LONDON (Alliance News) - Shares in low-cost airline easyJet PLC soared Tuesday after the company said it expects its pretax loss for the first-half to be lower than previous expectations as it revised expected revenue per seat higher after a milder winter reduced its de-icing costs.
The FTSE 100-listed company was leading the blue-chip index after it said it now expects to deliver a first-half performance ahead of the guidance given in its interim management statement on January 23, when easyJet said it expected its pretax loss for the half-year to come in between GBP70 million and GBP90 million.
easyJet's revised expectations state that the firm now expects a narrowed pre-tax loss of GBP55 million - GBP65 million, compared to the GBP61 million pretax loss the previous year for the six months to March 31, 2014.
easyJet reduced its pretax loss expectation after better-than-forecast revenue per seat growth, and as costs excluding fuel rose less then it had expected thanks to the mild winter which resulted in a reduced levels of de-icing and disruption during the period.
The company also said it was especially buoyed by its decision to introduce allocated seating, which has proved popular with other low-cost carriers, with rival Ryanair later following suit.
Revenue per seat growth at constant currency for the six months to March 31 is expected to be around 1.5%, said easyJet, driven partly by allocated seating, increased average sector length and several digital and revenue management initiatives. Previously the company said the metric would be "Very slightly up."
The uptick becomes more significant when considering that the reporting period does not include the Easter period, traditionally a busy time for airlines, thus boosting its expectations further. Last year Easter fell on March 31, resulting in GBP25 million of additional revenue in the first-half of 2013. In this financial year Easter will fall in its second-half on 20 April.

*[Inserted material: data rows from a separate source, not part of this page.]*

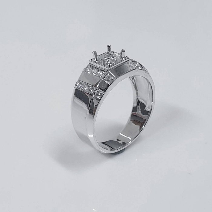 全新品 天然鑽石男戒空台 適用0.50~0.80克拉 線條簡單款 14K金戒台 配鑽約0.46ct 國際圍15.5號 面寬1cm 重2.08錢 精美盒裝 店保卡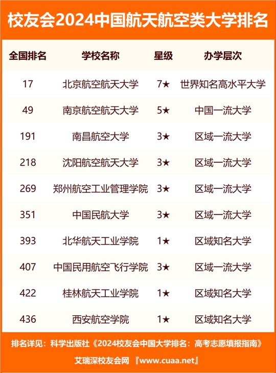 | 校友會(huì)2024中國(guó)航天航空類大學(xué)排名,北京航空航天大學(xué)、南京航空航天大學(xué)金城學(xué)院第一 |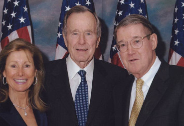 March 20, 2015, opening of the exhibit “Baseball: America’s Presidents, America’s Pastime,” at the George W. Bush Presidential Library at Southern Methodist University in Dallas, Texas. (L-R) Annette O’Malley; former U.S. President Bush and his wife Laura; and Peter O’Malley, who loaned a dozen items to the Bush Presidential Library for the exhibit.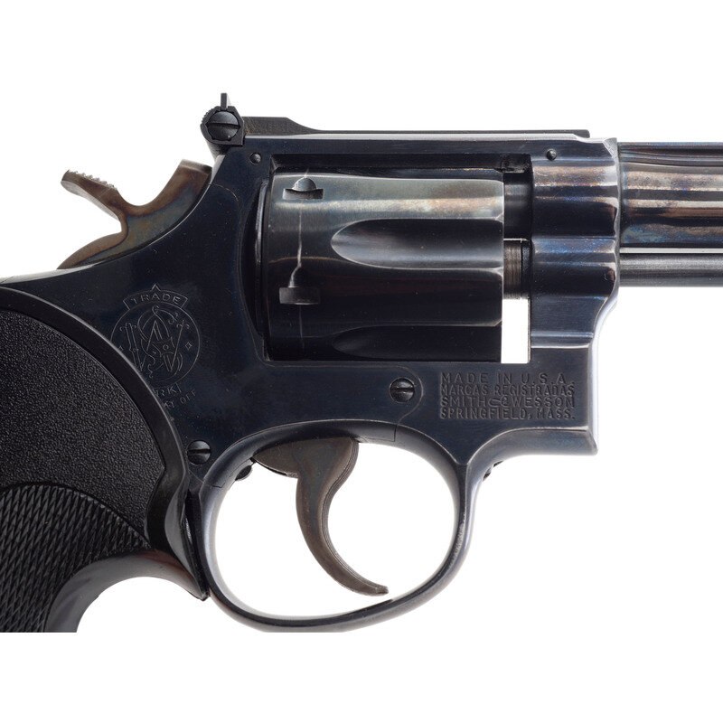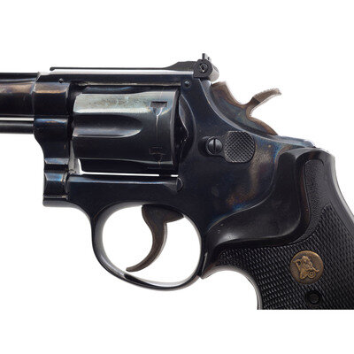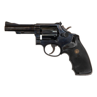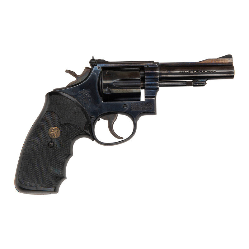 .22 LR. 4" barrel length. SN: K397470. Blued metal finish with case hardened finish to trigger and hammer. Grips are checkering hard rubber with brass Pachmayr medallions. Double action revolver with adjustable notch rear sight, ramp blade front sight, and a fluted 6-shot swing out cylinder.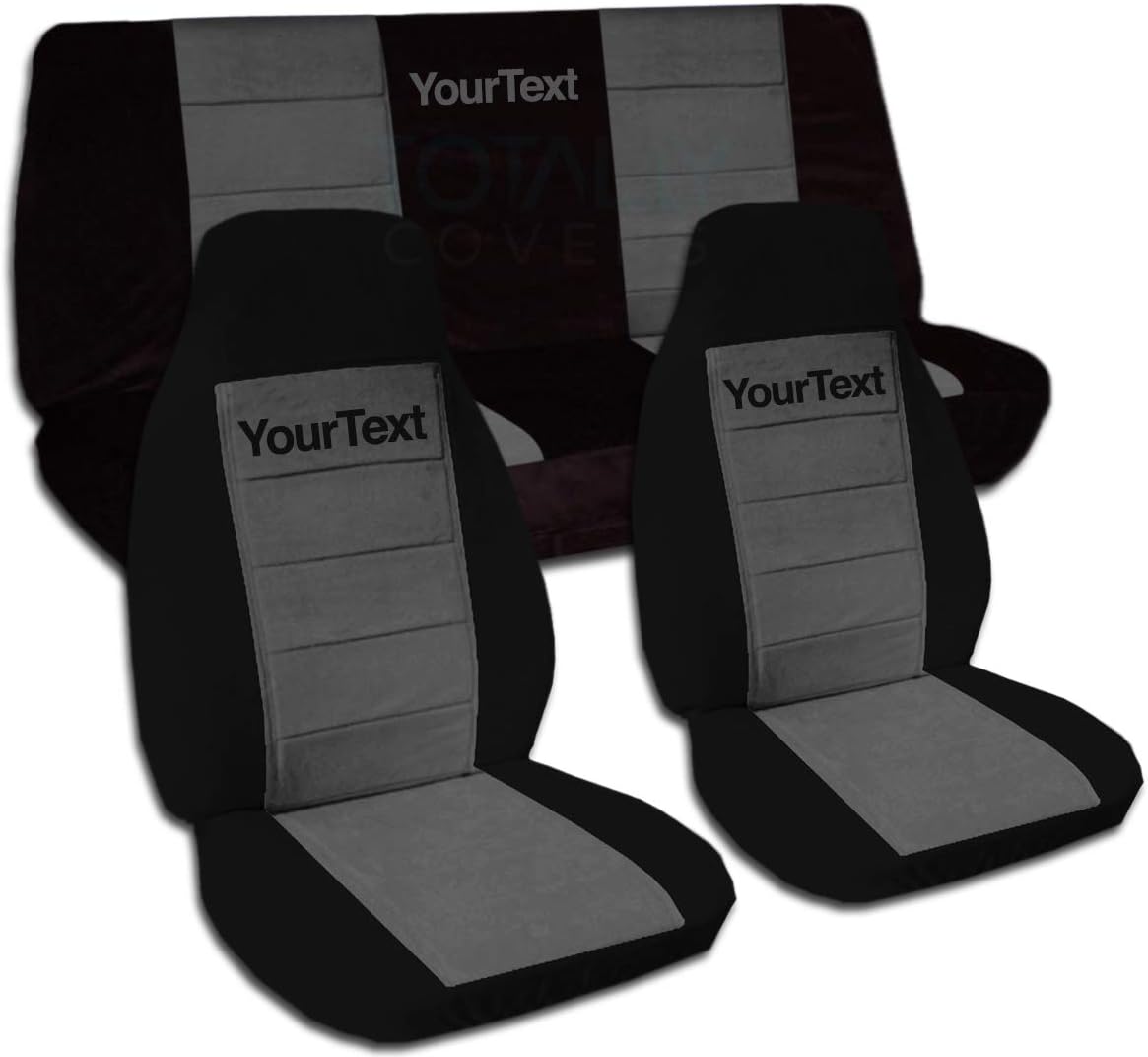 A full set of front and rear, black and brown seat covers for a 1987 to 1995 Jeep Wrangler YJ with your name/text on them! Be sure to visit our storefront ("Totally Covers") where you can find the largest selection of seat covers, to satisfy even the most demanding of tastes. If you can't find what you are looking for, please contact us ("Totally Covers") We can make seat covers for ANY car, truck, van, RV or SUV in a variety of 145 colors and prints, and even add your name/text and logo/design on them!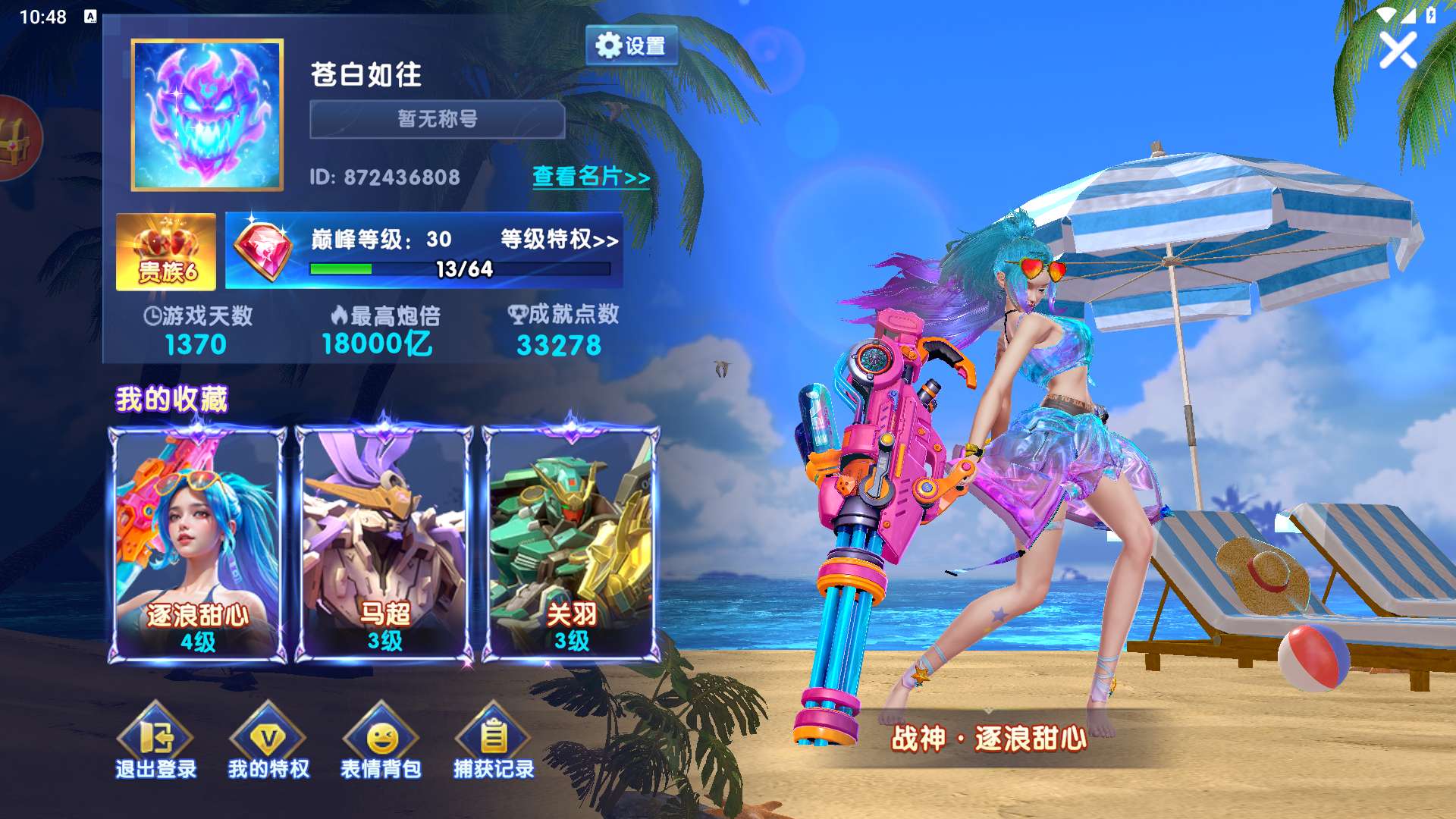 捕鱼大作战小米 v6 1665 万亿,炮台 190,巅峰 30,带号出,破产号回 200

Cost per seat growth, excluding fuel, at constant currency is expected to be around 0.5%, better than the forecast 1.5% growth announced in January. This is due to a "benign winter with reduced levels of de-icing and disruption" in the three months to March 31 as well as the early delivery of a number of easyJet lean initiatives, said the company.
easyJet's unit fuel cost in the six months will be up to GBP8 million pounds adverse to the prior year. The impact of exchange rate movements will be broadly neutral compared to last year. The company's forecast for capacity growth for the first-half of the year remains unchanged at around 3.5%.
"easyJet has continued to execute its strategy delivering another good performance in the first half of the year. This performance demonstrates our continued focus on cost and progress against all our strategic priorities. It also demonstrates easyJet's structural advantage in the European short-haul market against both the legacy and low-cost competition. Our strategy of offering our customers low fares to great destinations with friendly service and a focus on cost control ensures that we can continue to deliver sustainable growth and returns for our shareholders," Carolyn McCall, easyJet's Chief Executive said.
The airline has led the FTSE 100 for much of the day, now trading 5.18% higher at 1,716.48 pence per share.